A common conflict in many relationships is a matter of priority: one person tends to prioritize sex, and the other favors romance. Of course, people generally like both, but if forced to choose one or the other, would you side with your partner? In my work with couples, I find the sex and romance department is usually out of balance.

In the beginning of a relationship, everything is new, pheromones are abundant and both people are trying to please each other; there is an endless supply of sex and romance. As the relationship evolves, the high of the newness starts to wane and you each begin to pull back from the part of the sex/romance dance that isn’t your priority. This can lead to a lot of disappointment, confusion and eventually anger.

Over time, the synchronistic sex/romance dance you mastered so well in the beginning can dissolve into a game of relationship warfare. When you know what your partner is craving but you aren’t feeling understood by them, you might hold back what they want in an attempt to punish and control them. This is a slippery slope and can lead to some difficult times in your relationship.

In their best attempt to fix this, couples often use what they were taught as children, some version of the Golden Rule: Do unto others as you would have them do unto you. However, the Golden Rule is not the best thing to apply in this situation. You need to begin using Tony Alessandro’s Platinum Rule®: Do under others as they would have you do unto them.

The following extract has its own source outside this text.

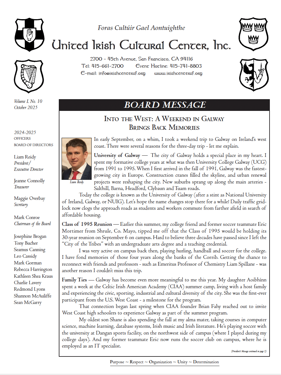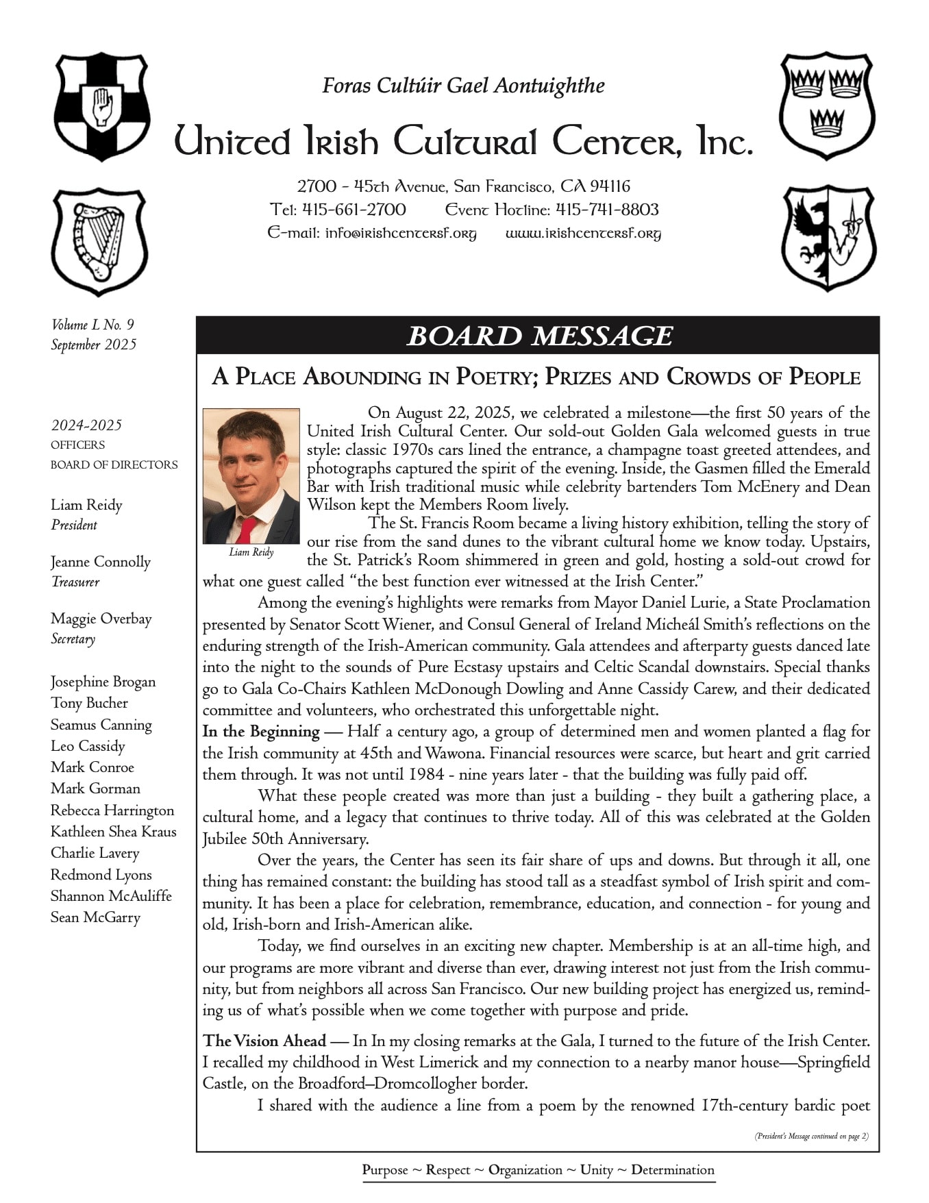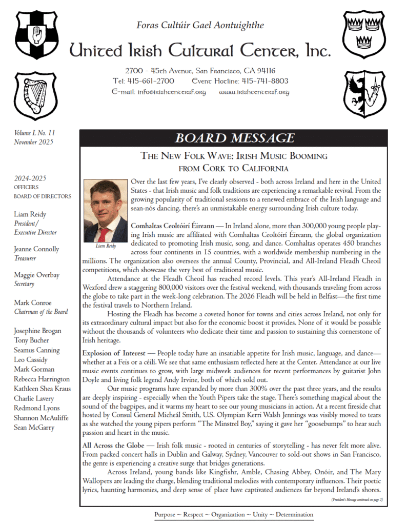 Monthly publication for members and more. Get a glimpse into what’s going on and coming up at the Irish Center.

When using the Golden Rule, the partner who prioritizes sex over romance will make sexual overtones toward their partner, resulting in the romance-favoring partner feeling like they are only appreciated for their ability to be a sex machine for their partner. Similarly, that partner will make romantic overtures hoping for reciprocation, and the sexual partner feels like they are only called upon for comfort and may feel like they’re being teased. Both of you are communicating the message for what you want but your partner is misunderstanding your intentions. You both want to move closer to one another, but in order to have success, you must communicate your message in the way your partner can understand so they will lean in rather than pull away.

When you change your behavior to engage the Platinum Rule instead, magic can happen. If you want more sex in your relationship, you need to be more romantic toward your partner. If you want more romance in your relationship, you need to be more sexual. This may seem counter-intuitive, but when you employ the Platinum Rule, you are neither prioritizing your partners’ needs or your own; you are actually prioritizing the needs of your relationship, which trumps both of your individual needs and desires. 

Try it—I know you’ll thank me.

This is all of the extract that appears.